In response to older ideas, ideas to address problems that we may or may not run into in beta, and rules vs. player freedom:
We aren't really throwing out any of our ideas, even the older ones. If it makes sense to work on them now, we do and test it and see how we like it. For most of these systems, however, we can't really test them without a community, which means we need to get into beta in order to know if the system is good, or needs to be tweaked, or even completely yanked.
Then there is a subset of systems that some of us feel more passionate about than others. The core systems and the differentiators you see on the website, and certainly the overall Vision, we are all definitely all on the same page (and have been since late November when we wrapped up the High Level Design doc and started writing up the lower level documents that define what these core systems are).
But then there are some systems and mechanics that different people on the design team feel more strongly about than others. Usually they fall into the category of 'well, what if this happens? And if it does, what is our plan to deal with it?' Also, most of these types of systems impose more rules and are less sandboxxy.
So what we've done with these kinds of systems and mechanics is said, well, some of us think we'll need a system like this, while others do not. Since we won't really know if we need these systems until beta, we pretty much put them on 'hold', so to speak. Kilsin probably just heard it was on hold or something and assumed it was cancelled. The tier/advancement system is not cancelled, it's on hold in case we need it or some variation of it.
I've posted about these sorts of things quite a few times, but it's worth re-stating: while Pantheon is not a true sandbox MMO, one our goal is to make it as sandboxxy as possible while still having a solid game sitting within that sandbox.

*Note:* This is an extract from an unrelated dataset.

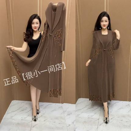 中年妈妈时尚民族风假两件风衣裙
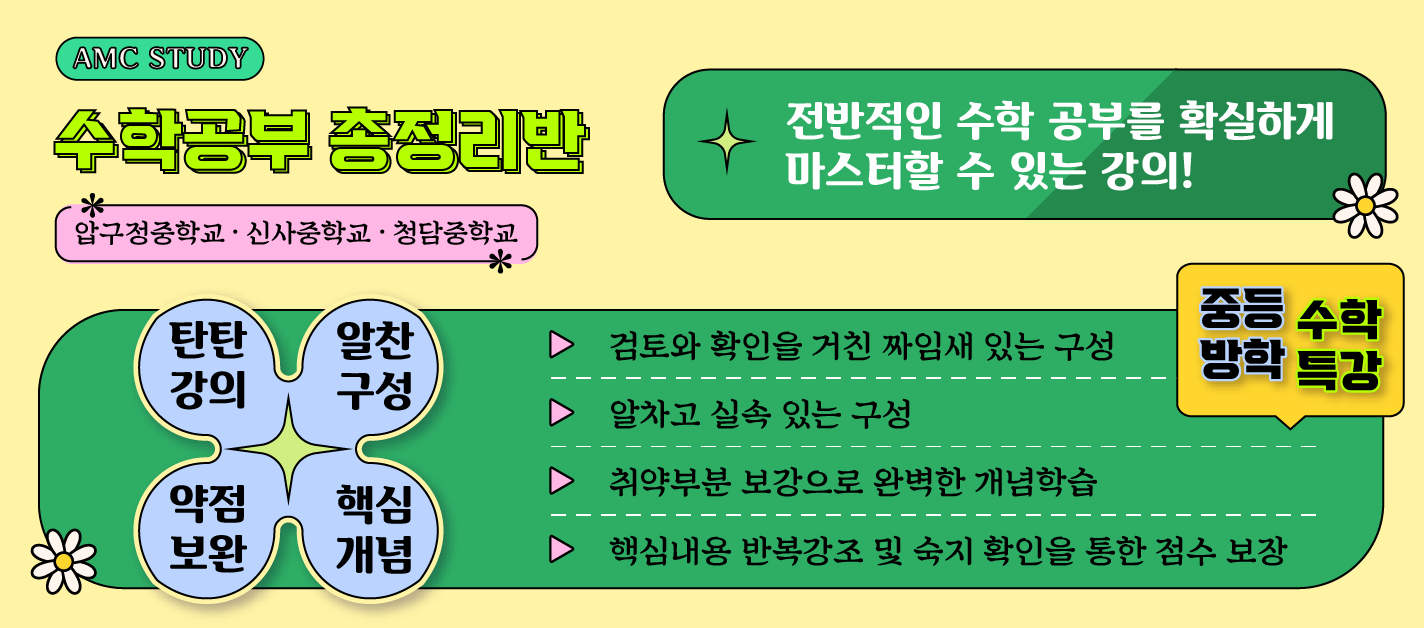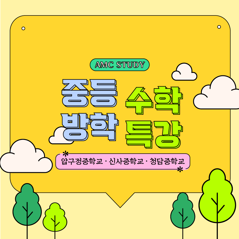 안녕하세요~! AMC학원 입니다. 2025년 여름방학을 맞이하여 압구정권역의 중학생

What I mean by that is we really want to free players up to be able to do, within reason, whatever they want. We are not fans of restricting what players can do. We ARE big fans of emergent behavior. We value community extremely highly and think that a solid community can police itself to a significant degree and that it should.
That said, there are times where we do have to step in. In those cases, we will try to do it in a way that feels more open and not super strict. We also prefer positive reinforcement over negative reinforcement -- I would much rather reward you for acting in a way that is pro-community and pro-Pantheon than to penalize you somehow for breaking some rule.

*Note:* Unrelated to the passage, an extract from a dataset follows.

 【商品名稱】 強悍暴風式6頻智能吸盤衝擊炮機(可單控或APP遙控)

Then, unfortunately, there are instances where we do have to step in and step in heavy handed. Easy examples would be some player /shouting racial slurs, or some player doing something the community cannot deal with that results in him ruining the Pantheon experience for others -- certainly if one person can ruin the fun of more than 1 other person, then even though we're charging him a sub fee, we are losing money on him. He doesn't belong in the game for both game and community reasons and he doesn’t belong in the game for financial/business reasons.

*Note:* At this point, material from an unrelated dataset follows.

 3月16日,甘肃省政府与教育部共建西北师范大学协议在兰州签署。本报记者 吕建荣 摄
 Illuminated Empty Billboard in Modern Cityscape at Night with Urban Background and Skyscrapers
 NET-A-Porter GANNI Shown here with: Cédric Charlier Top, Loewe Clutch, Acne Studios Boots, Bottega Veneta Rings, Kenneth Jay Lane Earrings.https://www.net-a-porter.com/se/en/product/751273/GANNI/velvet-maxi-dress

Then there are those systems that we've come up with to deal with problems that might occur but, again, can't be sure until beta. Most of these systems are proposed by me because I have the experience of not only building two MMOs previously to this, but also running MMOs in a live environment, post-launch, and dealing with customer service issues, nerfs, exploits, etc. So sometimes, given Pantheon's design, I get a gut feeling that we may need a system of some sort to curb exploitation of the rules, or to help gamers that are new to social, cooperative MMOs get accustomed, or to deal with issues that I've seen happen when you set up a game like Pantheon. A good example there would be dealing with MUDflation. Since we are determined that we want real player driven economies we therefore need to make sure that most items are tradable. But if we do that, then there will be some degree of MUDflation. For me, the plusses for having a player driven economy far outweigh the negatives, but even with that being true, we likely will have to put in some systems to slow down or curb MUDflation as well as deal with its long term effects (shard aging, etc.)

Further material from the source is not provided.